I've had this happen to me before on a set of ritchey pedals with hex heads instead of wrench flats. What I ultimately found out after milling the pedal shaft out was that the pedal actually cracked between the threads and hex head, causing the threads to lock up. I destroyed the pedal, but the cranks were saved. It wasn't an easy fix though, as my machinist at work bailed me out with the bridgeport mill and an EZ-out.


----------



## AlienRFX (Sep 27, 2006)

neex said:


> A breaker bar on a ratchet or pedal wrench didn't work? I had a pedal on a bike trip so tight that I thought I was going to have to leave the rental with my pedals on it... Sometimes they are a royal PITA although I'm sure that being rushed getting packed, etc I left the threads bone dry... Bouncing on the pedal wrench was the ticket as I didn't fly with a mallet.
> 
> A.


Mind you the pedal only had a 6 mm allen hex in the part that threads into the crank, no wrench flats whatsoever to accept a standard pedal wrench. The proper socket on a long ratchet or breaker bar put enough offset torque so as to round out the flats in the pedal, well before the pedal even had a notion of budging. So now I just get the impact wrench out to remove pedals like that, It works great with a lot less sweat, and cussing.


----------



## zenxteninc (May 18, 2012)

Heat is generally an enemy but can really be your friend on any bolt giving you grief. The expansion / contraction helps break threads loose just enough that you can get them to move. No matter how many times I crank on things then finally get some heat on it I always wonder why I didnt do this earlier...


----------



## neex (Mar 30, 2005)

AlienRFX said:


> Mind you the pedal only had a 6 mm allen hex in the part that threads into the crank, no wrench flats whatsoever to accept a standard pedal wrench. The proper socket on a long ratchet or breaker bar put enough offset torque so as to round out the flats in the pedal, well before the pedal even had a notion of budging. So now I just get the impact wrench out to remove pedals like that, It works great with a lot less sweat, and cussing.

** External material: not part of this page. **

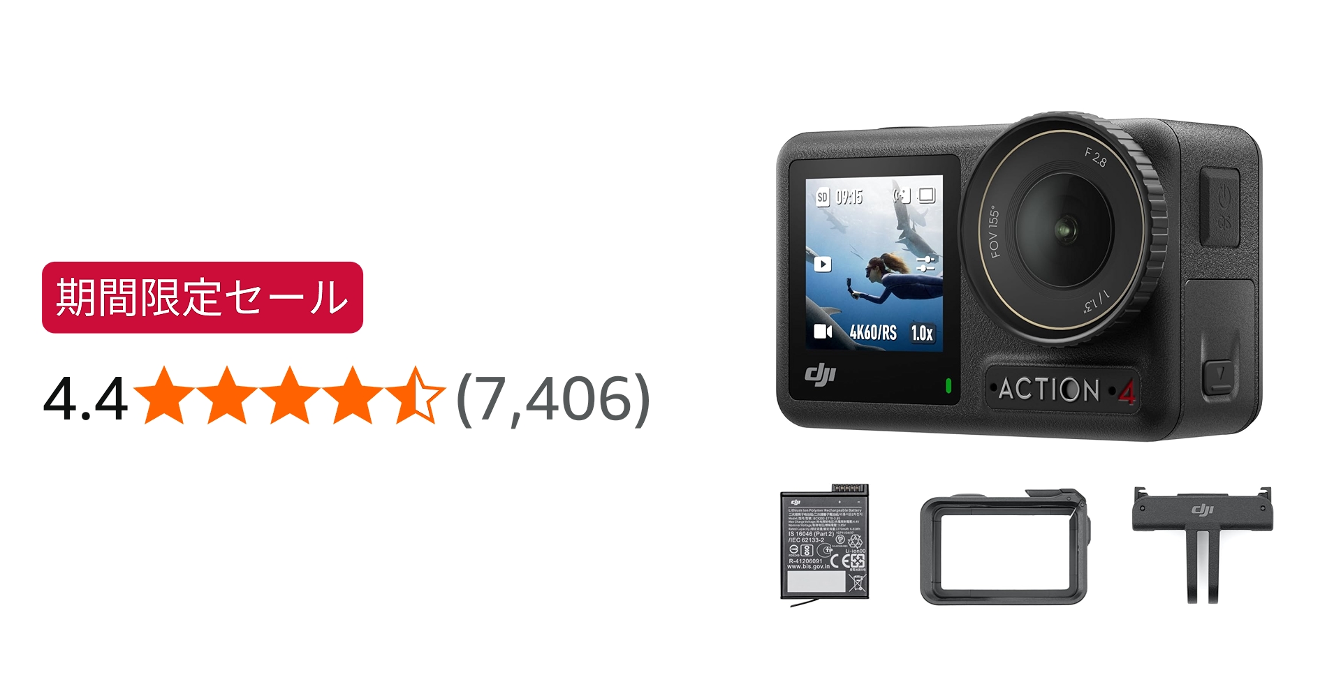 価格的には年末セールより安価です。新製品のAction6が、相変わらず不安定な部分を残しているのに対し、Action4は安定しています。Action5も良いですが、何より価格が安価で非有名ブランドに近い価格設定です。DJIという安心感もありますし、ネット上に情報が多いのも使いやすい感じがしますので、お勧めです。

Forgive the ignorance but what are you hitting with the impact? The 6mm head? I'd be interested to see a mammoth modified 1.2" or 3/8" socket that spans over the pedal and clamps the flats (now that would be awesome).

Back to the 6mm... An impact on this doesn't round it out? I guess I'm thinking air tools so maybe a driver and hammer or small electric would be the ticket. I'm thinking 500- 600ft/lbs in reverse might be harsh....

A.


----------



## Econoline (Mar 5, 2004)

norwish said:


> I swear the ones I have are welded on or something.


Are you sure they aren't welded on? I had a tricycle like that as a youth.


----------



## AlienRFX (Sep 27, 2006)

neex said:


> Forgive the ignorance but what are you hitting with the impact? The 6mm head? I'd be interested to see a mammoth modified 1.2" or 3/8" socket that spans over the pedal and clamps the flats (now that would be awesome).
> 
> Back to the 6mm... An impact on this doesn't round it out? I guess I'm thinking air tools so maybe a driver and hammer or small electric would be the ticket. I'm thinking 500- 600ft/lbs in reverse might be harsh....
> 
> A.


Yes the Crank Bros Mallet pedals I have have a 6mm allen key hole broached into the threaded part of the spindle, the spindle has no wrench flats, so the allen key or ratchet compatible allen bit is on the back side of the crank when installing or loosening the pedal. I have found that over time the non driveside pedal tightens itself to stupid tight levels for a pedal with a 6mm allen wrench, 8 would be more appropriate for this application, but that isn't what they used.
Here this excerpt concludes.